This discovery introduces a significant paradigm shift. It transforms our understanding of lymphatic vessels from being perceived primarily as a detrimental pathway for metastasis to recognizing them as crucial, multifaceted components of the immune system that can be harnessed for therapeutic benefit. The identification of CH25H as a potential biomarker for predicting the success of immunotherapy, alongside its role as a possible therapeutic target, underscores the profound implications of this research for personalized medicine and the development of next-generation cancer treatments.
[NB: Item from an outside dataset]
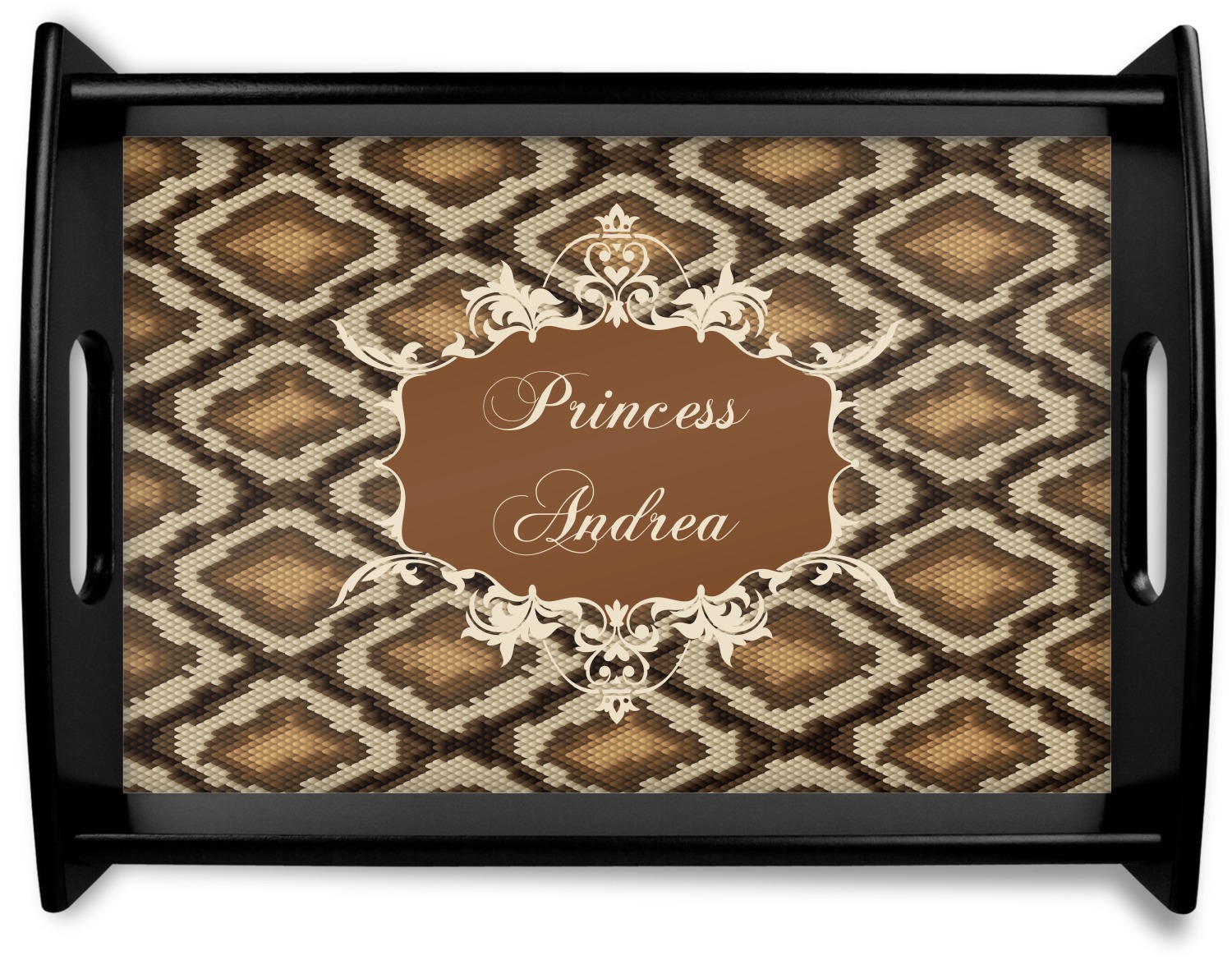 Snake skin print is currently trending and so we created this incredibly beautiful design with a snake skin background in classic browns and beige. The gorgeous label is one of the labels in our floral frames collection. It looks like a crown and thus we chose the personalization to include "princess".
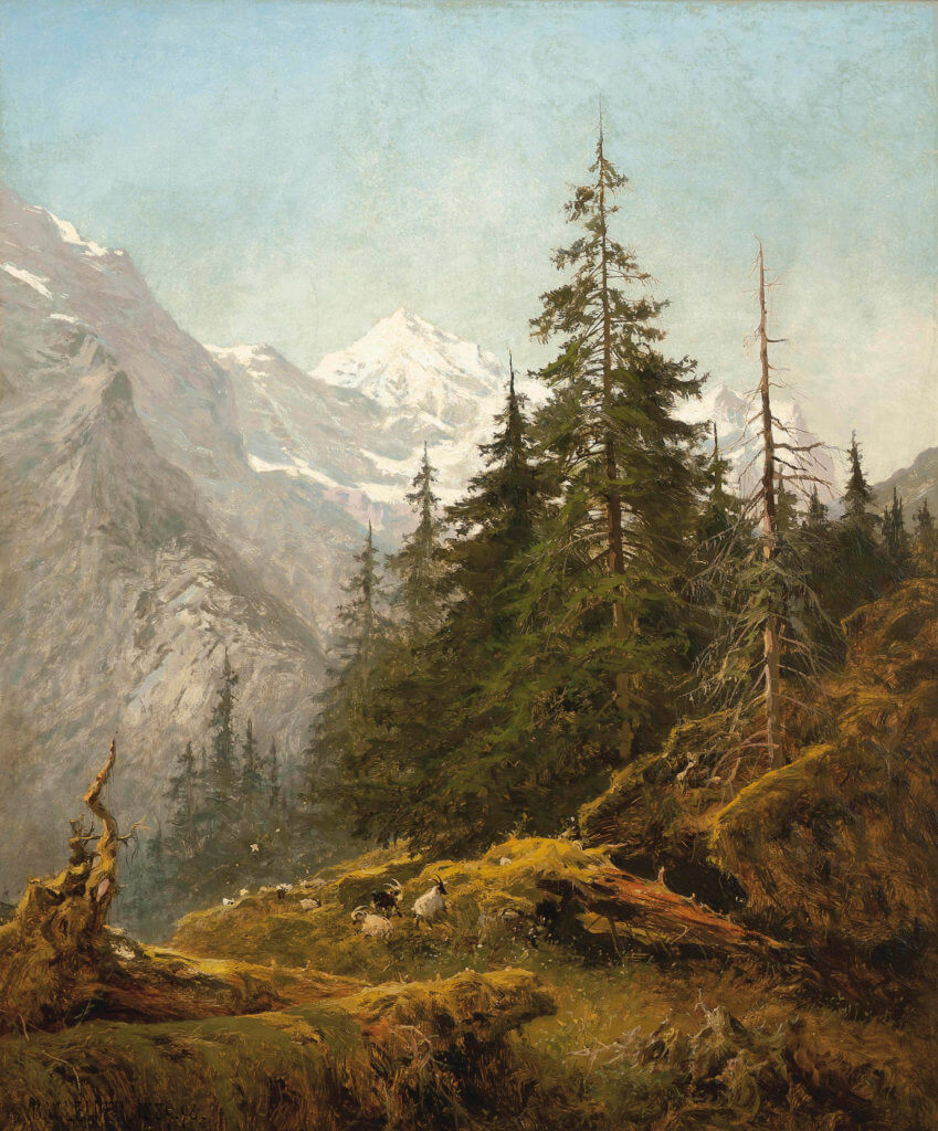 Картина Уильямса Бенджамина Лидера: 1 — «Вид на гору Веттерхорн»(1889-1898), 2 — «Лес в Суррее»(1901)

Chronology of Discovery: From Metastatic Pathway to Immune Ally

The journey to this pivotal discovery was marked by a series of observations and targeted investigations that progressively peeled back layers of complexity surrounding the tumour microenvironment and the enigmatic role of lymphatic vessels.

Initial Hypothesis and Disappointment: The Unforeseen Complexity

The scientific community initially held a seemingly straightforward hypothesis regarding lymphangiogenesis: if lymphatic vessels facilitate metastasis, then blocking their development should logically limit cancer spread and improve patient outcomes. This led to considerable research and even clinical trials aimed at inhibiting lymphangiogenesis. However, as Professor Hugues explains, the results were often disappointing. "While it is true that lymphatic vessels promote metastasis, they are also essential for transporting immune cells and activating the anti-tumour immune response," she stated. This critical realization highlighted the dual, seemingly contradictory nature of these vessels. Their role, as Hugues pointed out, was "more complex than we imagined," prompting her team to delve deeper into how the individual cells comprising these vessels interacted with the tumour microenvironment and influenced the immune system. The initial oversimplification proved to be a valuable lesson, guiding researchers towards a more nuanced investigation.

Probing the Tumour Microenvironment: Focusing on the Cells

Recognizing the limitations of a broad, anti-lymphangiogenesis approach, the UNIGE team shifted their focus from the vessels as a whole to the specific cells that constitute them: the lymphatic endothelial cells (LECs). Their aim was to understand the precise molecular mechanisms by which these cells respond to the complex signals emanating from the tumour microenvironment. This involved moving beyond a macroscopic view to a microscopic, cellular and genetic level of analysis. The premise was that if lymphatic vessels played a dual role, then the key to understanding and harnessing their beneficial aspects must lie within the molecular machinery of their constituent cells.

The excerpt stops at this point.